Calcium-dependent, sustained enhancement of excitability during washout of aconitine in rat hippocampal slices.

Extracellular recording of the stimulus-evoked population spike was performed in the CA1 area of rat hippocampal slices in order to investigate delayed effects of the plant alkaloids aconitine and veratridine. Veratridine (1 microM and 10 microM) suppressed the orthodromic and antidromic population spike. After washout of the drug, only a partial recovery was obtained. Aconitine (1 microM) exerted the same inhibitory action as veratridine. However, after washout, the spike amplitude was enhanced compared with the control.

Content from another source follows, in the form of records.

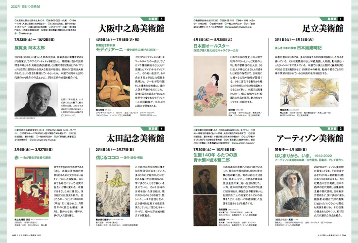 第四特集では、さらに注目の展覧会をご紹介。全国各地から様々なジャンルの美術展を網羅しており、一冊の中に70の美術展情報が収められている。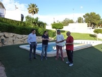 07 jun.2016 La Urbanización Villaflores reutiliza el "antiguo césped artificial" en la zona de la piscina Esta semana Bernabé Cano, alcalde de La Nucía visitó la Urbanización Villaflores para ver como había quedado el césped artificial donado por el Ayuntamiento de La Nucía en el entorno de la piscina de esta zona residencial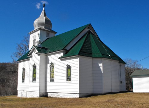 Sacred Heart Cemetery behind the church. Both times that I have visited the church there is a man that looks to be in his 30s walking around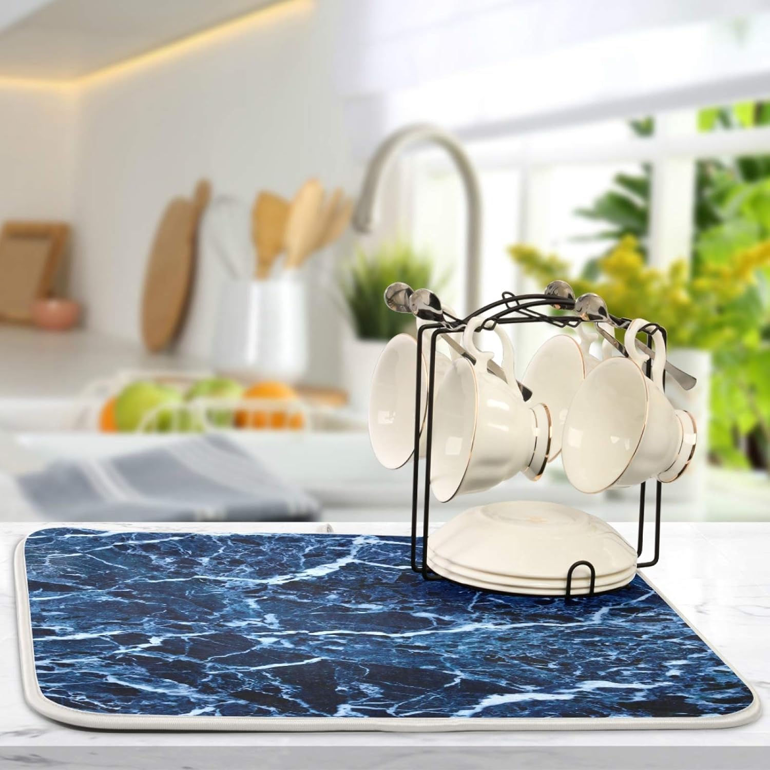 Super Absorbent Dish Drying Mat, Microfiber Fast-Drying Dish Mat, 24" x 18, Kitchen Dish Drying Pad, Navy Blue Marble…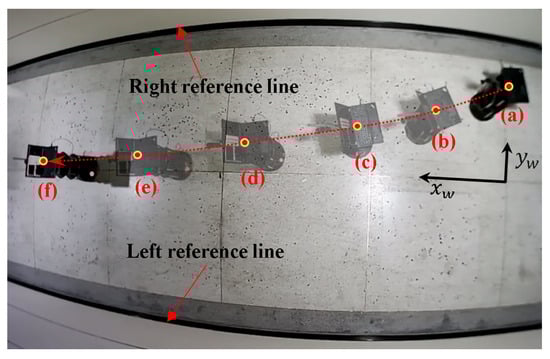 As shown in Figure 17, we choose two-sided black lines of the corridor as reference parallel lines to control robot motion. The robot is firstly placed at point (a) with initial pose m, , and then it is gradually guided towards the middle line of the corridor by our IBVS algorithm. We demonstrate this trajectory marked by a red dotted line, and the translucent robots overlapping on this path from (b) to (e) are some recorded robot images for clarity. It can be seen that this trajectory is similar to the previous simulation result; the robot approximately reaches the middle line and the heading direction is nearly parallel to the reference line.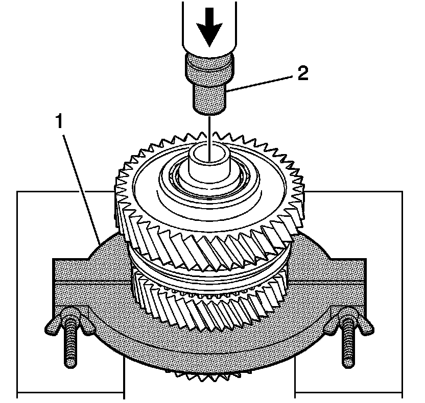 1. Press off the 1st gear assembly and the 2nd gear assembly as a unit, from the intermediate shaft using the J36513 (1), the J44383 (2) and a hydraulic press.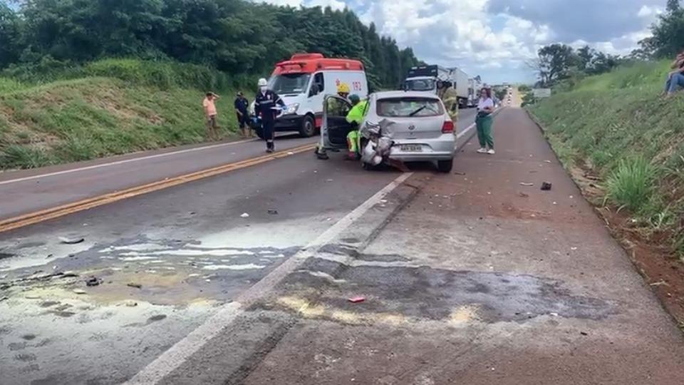 Dez pessoas ficaram feridas em um acidente entre três veículos na BR-277 em Santa Tereza do Oeste na tarde deste sábado (01). A batida envolveu um veículo fiat fastback e dois volkswagen gol.
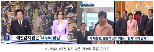 방송 가운데서 박수 소식에 가장 집착한 매체는 종편방송 채널A였다. 다른 방송은 박수 소식과 함께 개원 연설 내용이 무엇이었는지도 전했지만 채널A <종합뉴스>만은 이날 국회 분위기만을, 그것도 연예뉴스와 같이 가십성으로 다뤘다. 박수를 몇 번이나 쳤는지 누가 어떻게 쳤는지 외에도 대통령의 옷차림, 대통령을 맞이하는 새누리당 의원들의 ‘꽃길’, 대통령과 악수한 의원에 대해 상세히 보도했다.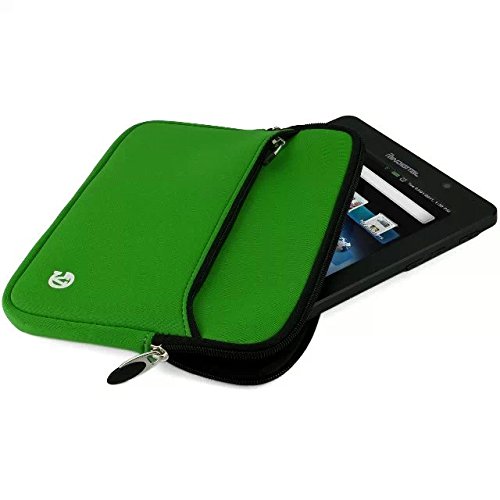 VanGoddy Soft Neoprene Tablets Sleeve / Zipper Carrying Case Pouch for 7-8inch Tablets / e-Reader (Green/Black Trim)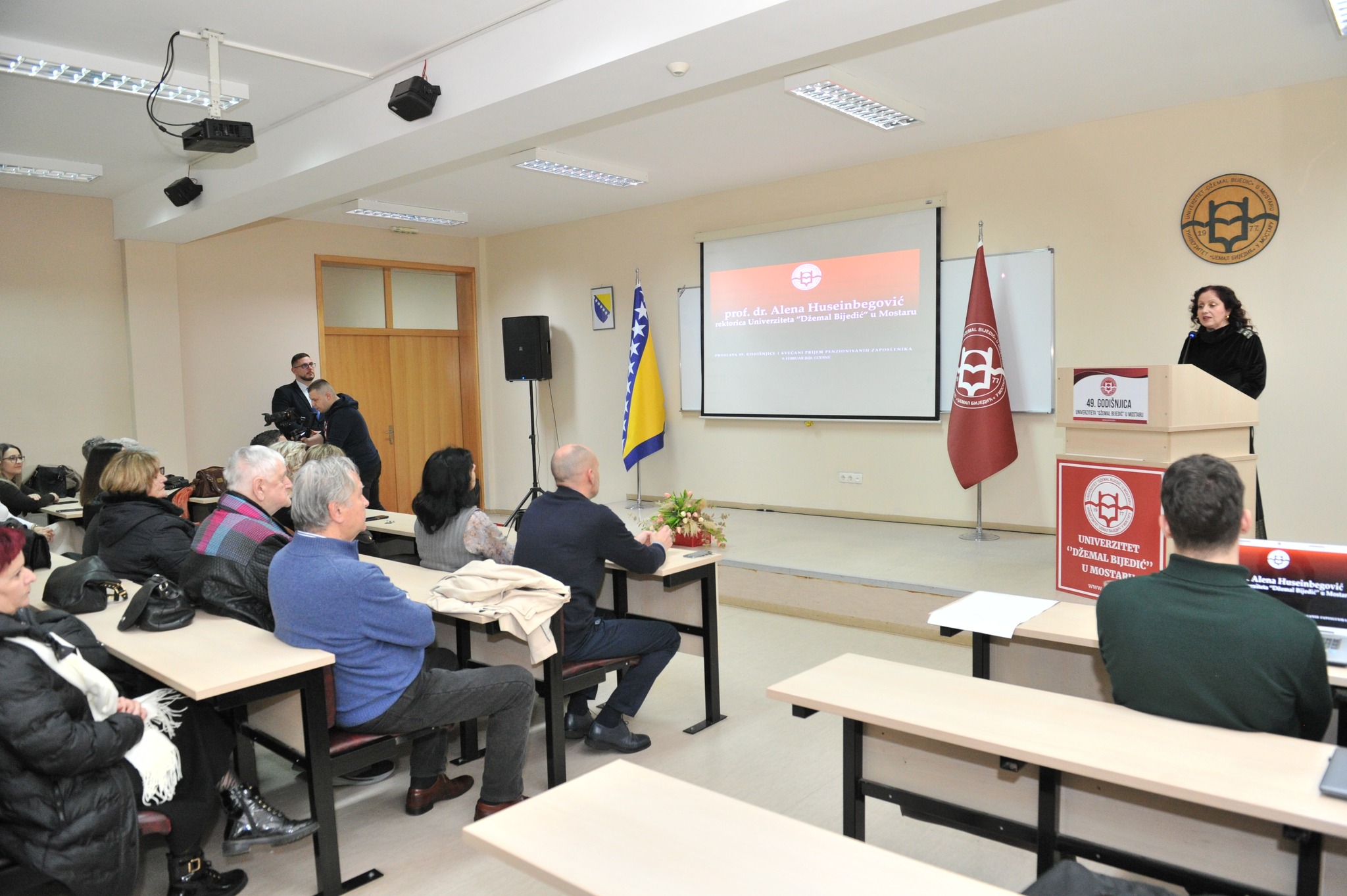 During the program, the University management laid flowers at the bust of Džemal Bijedić and at the memorial to Mirsad Hujdur Hujka and his fellow soldiers. The University then hosted a joint luncheon and social gathering for the retired employees.

This enhancement of the spike amplitude was dependent on the concentration of aconitine and was maintained during the observation period of at least 2 h. Lowering the Ca2+ concentration of the bathing medium from 2.5 mM to 1.25 mM during application of aconitine attenuated recovery and prevented the enhancement observed during washout of the drug. Application of aconitine in the presence of CdCl2 as well as in the presence of inhibitors of protein kinase C and Ca2+/calmodulin-dependent protein kinase II prevented the increase in spike amplitude during washout with standard artificial cerebrospinal fluid. In contrast, the N-methyl-D-aspartate (NMDA) receptor antagonists D-AP5 and MK-801 as well as the non-NMDA receptor antagonist 6-cyano-7-nitroquinoxaline-2,3-dione were ineffective in abolishing the aconitine-induced enhancement. These data support the conclusion that different modes of action are involved in the effects of aconitine but not veratridine. It is concluded that the aconitine-induced increase in neuronal activity is mediated by intracellular Ca2+-dependent mechanisms leading to an activation of Ca2+-dependent protein kinases. This effect is independent of Ca2+ entrance through NMDA and non-NMDA receptors.